# Construction of substitution matrices

**Prerequisites:**Knowledge equivalent to the tutorial Pair-wise sequence alignment.

**Level:**Intermediate.

**Objectives:**

- To understand how PAM and BLOSUM substitution matrices are constructed.

- To understand how a scoring system reflects similarity in DNA sequence alignments.

- To have a basic knowledge of how to select a substitution matrix to make a relevant database search.

#### Introduction

It is possible to measure sequence similarity in many different ways, such as counting the number of differences between them (*Hamming distance*), counting the number of insertions, deletions, and substitutions required to make two sequences identical (*Levenshtein distance*), percent identity or just use an arbitrary scoring system for matches, mismatches, insertions, and deletions. All these methods yield a measure of a relationship between the sequences, but none reflect any biological association between them.

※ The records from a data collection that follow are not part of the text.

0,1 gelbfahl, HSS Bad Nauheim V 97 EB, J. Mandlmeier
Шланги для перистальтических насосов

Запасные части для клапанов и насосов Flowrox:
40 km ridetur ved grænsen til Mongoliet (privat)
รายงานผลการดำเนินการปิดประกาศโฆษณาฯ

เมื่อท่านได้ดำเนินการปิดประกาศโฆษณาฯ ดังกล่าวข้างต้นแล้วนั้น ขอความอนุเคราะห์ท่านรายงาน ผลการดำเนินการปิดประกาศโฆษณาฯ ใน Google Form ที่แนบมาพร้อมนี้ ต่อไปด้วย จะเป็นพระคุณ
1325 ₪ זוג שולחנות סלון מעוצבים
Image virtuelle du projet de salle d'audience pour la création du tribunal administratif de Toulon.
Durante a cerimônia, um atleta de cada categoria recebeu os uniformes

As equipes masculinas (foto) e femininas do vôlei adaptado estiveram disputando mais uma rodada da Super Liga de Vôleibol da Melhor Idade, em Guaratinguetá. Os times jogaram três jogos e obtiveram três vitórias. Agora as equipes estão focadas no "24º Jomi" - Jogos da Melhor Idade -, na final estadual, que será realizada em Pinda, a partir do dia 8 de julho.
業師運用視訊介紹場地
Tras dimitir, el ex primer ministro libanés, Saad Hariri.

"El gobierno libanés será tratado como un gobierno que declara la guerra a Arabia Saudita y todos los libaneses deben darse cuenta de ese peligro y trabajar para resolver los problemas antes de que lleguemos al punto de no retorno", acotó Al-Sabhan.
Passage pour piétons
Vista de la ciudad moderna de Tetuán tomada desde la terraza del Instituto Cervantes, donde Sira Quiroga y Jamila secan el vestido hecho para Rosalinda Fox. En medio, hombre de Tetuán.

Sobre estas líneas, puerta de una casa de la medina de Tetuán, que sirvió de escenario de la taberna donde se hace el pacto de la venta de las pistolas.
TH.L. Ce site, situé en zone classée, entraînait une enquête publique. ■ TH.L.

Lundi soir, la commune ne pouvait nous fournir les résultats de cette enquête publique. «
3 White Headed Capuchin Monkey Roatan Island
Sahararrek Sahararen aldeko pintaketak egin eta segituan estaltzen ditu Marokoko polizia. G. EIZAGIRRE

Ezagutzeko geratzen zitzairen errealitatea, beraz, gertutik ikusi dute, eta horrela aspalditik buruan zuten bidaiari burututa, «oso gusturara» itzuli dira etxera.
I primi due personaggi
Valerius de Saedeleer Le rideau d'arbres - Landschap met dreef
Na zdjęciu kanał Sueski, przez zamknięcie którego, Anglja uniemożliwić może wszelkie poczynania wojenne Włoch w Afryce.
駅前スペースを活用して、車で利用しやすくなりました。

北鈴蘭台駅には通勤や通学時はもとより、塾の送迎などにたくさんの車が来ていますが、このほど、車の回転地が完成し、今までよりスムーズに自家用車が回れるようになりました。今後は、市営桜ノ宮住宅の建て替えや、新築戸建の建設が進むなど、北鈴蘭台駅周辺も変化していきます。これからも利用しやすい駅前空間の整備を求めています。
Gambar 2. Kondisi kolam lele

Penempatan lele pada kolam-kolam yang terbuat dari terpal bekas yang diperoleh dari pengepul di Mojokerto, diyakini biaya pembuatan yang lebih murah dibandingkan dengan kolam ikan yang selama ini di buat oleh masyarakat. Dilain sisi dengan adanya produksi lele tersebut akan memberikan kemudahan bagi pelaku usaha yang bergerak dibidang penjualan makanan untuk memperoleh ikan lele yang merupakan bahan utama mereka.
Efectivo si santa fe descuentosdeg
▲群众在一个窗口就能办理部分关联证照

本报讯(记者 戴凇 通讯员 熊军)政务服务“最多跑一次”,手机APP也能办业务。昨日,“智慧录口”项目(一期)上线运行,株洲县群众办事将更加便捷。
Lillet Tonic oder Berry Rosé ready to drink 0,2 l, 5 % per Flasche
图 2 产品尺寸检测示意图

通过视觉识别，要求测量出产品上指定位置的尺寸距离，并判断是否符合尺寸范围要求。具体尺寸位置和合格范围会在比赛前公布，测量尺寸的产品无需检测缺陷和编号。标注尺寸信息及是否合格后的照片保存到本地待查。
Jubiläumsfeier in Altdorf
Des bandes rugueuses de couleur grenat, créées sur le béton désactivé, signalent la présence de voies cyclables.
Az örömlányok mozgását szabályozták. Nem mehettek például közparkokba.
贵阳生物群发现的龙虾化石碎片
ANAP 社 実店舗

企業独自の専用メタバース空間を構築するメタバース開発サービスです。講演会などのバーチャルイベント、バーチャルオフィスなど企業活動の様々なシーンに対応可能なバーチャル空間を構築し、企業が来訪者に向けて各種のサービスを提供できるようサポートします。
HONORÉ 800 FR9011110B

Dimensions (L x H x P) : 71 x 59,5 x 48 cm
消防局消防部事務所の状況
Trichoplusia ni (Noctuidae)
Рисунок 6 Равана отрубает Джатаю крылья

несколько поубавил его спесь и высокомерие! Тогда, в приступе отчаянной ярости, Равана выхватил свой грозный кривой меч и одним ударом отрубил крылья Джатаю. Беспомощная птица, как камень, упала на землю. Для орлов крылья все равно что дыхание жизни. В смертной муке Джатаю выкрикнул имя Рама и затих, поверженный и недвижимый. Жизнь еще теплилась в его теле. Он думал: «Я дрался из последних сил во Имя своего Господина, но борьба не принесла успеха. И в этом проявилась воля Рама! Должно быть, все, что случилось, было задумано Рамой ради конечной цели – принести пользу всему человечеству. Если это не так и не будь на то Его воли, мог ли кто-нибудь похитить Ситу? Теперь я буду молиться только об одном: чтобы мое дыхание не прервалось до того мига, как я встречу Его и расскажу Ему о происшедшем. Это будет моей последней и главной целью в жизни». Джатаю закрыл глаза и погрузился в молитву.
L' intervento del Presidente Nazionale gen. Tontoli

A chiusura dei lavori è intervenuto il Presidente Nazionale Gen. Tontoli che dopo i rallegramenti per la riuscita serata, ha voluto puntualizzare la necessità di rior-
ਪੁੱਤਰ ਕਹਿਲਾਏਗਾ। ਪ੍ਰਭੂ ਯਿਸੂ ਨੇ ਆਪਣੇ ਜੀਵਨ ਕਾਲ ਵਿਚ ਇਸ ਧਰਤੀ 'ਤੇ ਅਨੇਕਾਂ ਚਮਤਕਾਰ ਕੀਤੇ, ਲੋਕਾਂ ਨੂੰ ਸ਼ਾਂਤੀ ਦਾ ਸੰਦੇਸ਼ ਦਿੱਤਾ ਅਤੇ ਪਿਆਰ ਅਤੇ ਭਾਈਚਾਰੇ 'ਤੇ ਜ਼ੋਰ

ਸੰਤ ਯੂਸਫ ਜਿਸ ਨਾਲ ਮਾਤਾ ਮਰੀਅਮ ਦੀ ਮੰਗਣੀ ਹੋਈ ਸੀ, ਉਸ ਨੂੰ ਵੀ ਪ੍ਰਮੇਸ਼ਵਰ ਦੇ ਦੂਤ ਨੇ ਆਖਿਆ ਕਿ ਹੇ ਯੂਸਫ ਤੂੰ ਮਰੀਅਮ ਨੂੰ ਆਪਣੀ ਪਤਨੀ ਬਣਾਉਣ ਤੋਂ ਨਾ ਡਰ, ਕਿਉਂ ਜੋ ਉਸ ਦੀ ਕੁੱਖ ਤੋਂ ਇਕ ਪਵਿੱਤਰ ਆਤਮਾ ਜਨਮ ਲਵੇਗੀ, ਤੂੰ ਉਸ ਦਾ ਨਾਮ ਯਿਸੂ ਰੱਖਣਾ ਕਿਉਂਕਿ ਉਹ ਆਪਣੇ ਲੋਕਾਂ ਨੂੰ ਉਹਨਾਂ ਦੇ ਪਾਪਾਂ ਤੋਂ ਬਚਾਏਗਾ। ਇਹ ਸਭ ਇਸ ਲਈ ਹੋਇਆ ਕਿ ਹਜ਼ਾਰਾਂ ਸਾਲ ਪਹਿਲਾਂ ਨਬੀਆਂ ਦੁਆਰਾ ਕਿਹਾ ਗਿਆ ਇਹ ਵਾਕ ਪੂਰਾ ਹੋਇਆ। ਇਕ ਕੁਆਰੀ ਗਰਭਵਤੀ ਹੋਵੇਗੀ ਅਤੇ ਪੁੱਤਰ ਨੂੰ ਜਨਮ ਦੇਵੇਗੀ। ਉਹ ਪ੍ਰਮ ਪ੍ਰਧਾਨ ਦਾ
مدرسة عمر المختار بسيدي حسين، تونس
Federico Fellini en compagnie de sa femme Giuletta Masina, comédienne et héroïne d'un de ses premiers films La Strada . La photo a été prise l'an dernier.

In the realm of bioinformatics, we are interested in an evolutionary relationship of DNA and protein sequences, except in the case of sequence assembly where measuring sequencing errors and separating repeats are central.

Sequences may be more or less similar by sheer random chance, and consequently, we need a method to distinguish a random similarity from the similarity caused by evolutionary relationship. In other words, we wish to know whether sequences are homologous, i.e., have a common ancestor and in particular whether sequences have the same function despite not having identical sequences. Being able to determine if two sequences have the same function is useful in appraising the function of an unknown protein and gene by comparison to a known one.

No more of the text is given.